No citation or penalities to be issued by federal agency, after December tornado flattened Amazon’s DLI4 warehouse, killing six people
Amazon will not face any penalties or citations from the Occupational Safety and Health Administration (OSHA) over the tornado that effectively destroyed one of its warehouses, resulting in multiple deaths and injuries.
The OSHA is a regulatory agency of the US Department of Labor, and began its investigation in mid December after a tornado with estimated wind speeds of over 155mph smashed into the Amazon warehouse, known as DLI4, in Edwardsville, Illinois.
The impact was so severe it killed six people, most of whom were contracted Amazon delivery drivers who were sheltering in a bathroom in an area of the building that was impacted by the storm.
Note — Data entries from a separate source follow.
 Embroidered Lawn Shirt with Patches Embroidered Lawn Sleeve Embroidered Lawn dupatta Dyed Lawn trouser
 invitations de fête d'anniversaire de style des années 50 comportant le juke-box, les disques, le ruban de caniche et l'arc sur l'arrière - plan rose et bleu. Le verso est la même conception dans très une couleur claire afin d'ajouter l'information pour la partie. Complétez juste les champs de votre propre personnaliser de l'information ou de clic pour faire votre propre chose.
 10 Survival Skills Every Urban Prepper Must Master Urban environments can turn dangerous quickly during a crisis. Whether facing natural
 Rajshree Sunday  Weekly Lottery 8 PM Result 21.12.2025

The deaths occurred when 40 foot high, 11 inch thick walls on both sides of the DLI4 warehouse collapsed inward, resulting in the roof collapsing downward.
One other person was injured, and 45 people were rescued.
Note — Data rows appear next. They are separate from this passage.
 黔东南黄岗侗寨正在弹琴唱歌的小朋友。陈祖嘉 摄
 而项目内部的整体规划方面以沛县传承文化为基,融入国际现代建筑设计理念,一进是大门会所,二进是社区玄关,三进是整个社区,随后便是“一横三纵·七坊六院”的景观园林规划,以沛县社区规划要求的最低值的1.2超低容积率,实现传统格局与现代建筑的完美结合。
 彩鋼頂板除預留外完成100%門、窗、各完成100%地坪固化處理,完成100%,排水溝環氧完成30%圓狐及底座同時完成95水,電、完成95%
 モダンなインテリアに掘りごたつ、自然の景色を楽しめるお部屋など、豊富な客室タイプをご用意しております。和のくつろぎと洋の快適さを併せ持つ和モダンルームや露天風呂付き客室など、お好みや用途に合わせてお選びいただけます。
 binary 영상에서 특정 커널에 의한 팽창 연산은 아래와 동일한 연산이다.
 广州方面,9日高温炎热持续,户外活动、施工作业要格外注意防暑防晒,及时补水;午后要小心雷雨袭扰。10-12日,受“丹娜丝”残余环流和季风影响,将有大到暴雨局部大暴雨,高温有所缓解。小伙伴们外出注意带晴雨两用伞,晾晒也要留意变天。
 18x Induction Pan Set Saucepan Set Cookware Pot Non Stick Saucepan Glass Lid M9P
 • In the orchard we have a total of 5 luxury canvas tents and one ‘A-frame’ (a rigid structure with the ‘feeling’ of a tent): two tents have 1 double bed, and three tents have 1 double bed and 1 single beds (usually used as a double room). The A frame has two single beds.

The tornado likely formed in the parking lot of DLI4 then rolled through the site, Amazon said at the time.
The US was badly hit by tornados in December, which impacted parts of the neighbouring state of Illinois, (below Chicago) and killed at least 64 people in the US state of Kentucky.
Following the Amazon warehouse destruction, the OSHA began its investigation. It has the power to issue citations and propose monetary penalties if violations of workplace safety and/or health regulations are found.
However this week, CNBC reported that Amazon won’t face any OSHA penalties after the warehouse collapse.
The Labor Department on Tuesday reportedly sent a letter to Amazon, ordering it to review its severe weather policies, after its investigation revealed safety risks.
According to CNBC, OSHA investigators concluded that Amazon’s severe weather emergency procedures “met minimal safety guidelines for storm sheltering,” but that a series of safety risks were identified during the probe.
Investigators reportedly discovered megaphones used to alert employees about an emergency were inaccessible, and a plan for responding to severe weather events lacked site-specific information.
Some Amazon employees also didn’t know where the shelter was located inside the warehouse.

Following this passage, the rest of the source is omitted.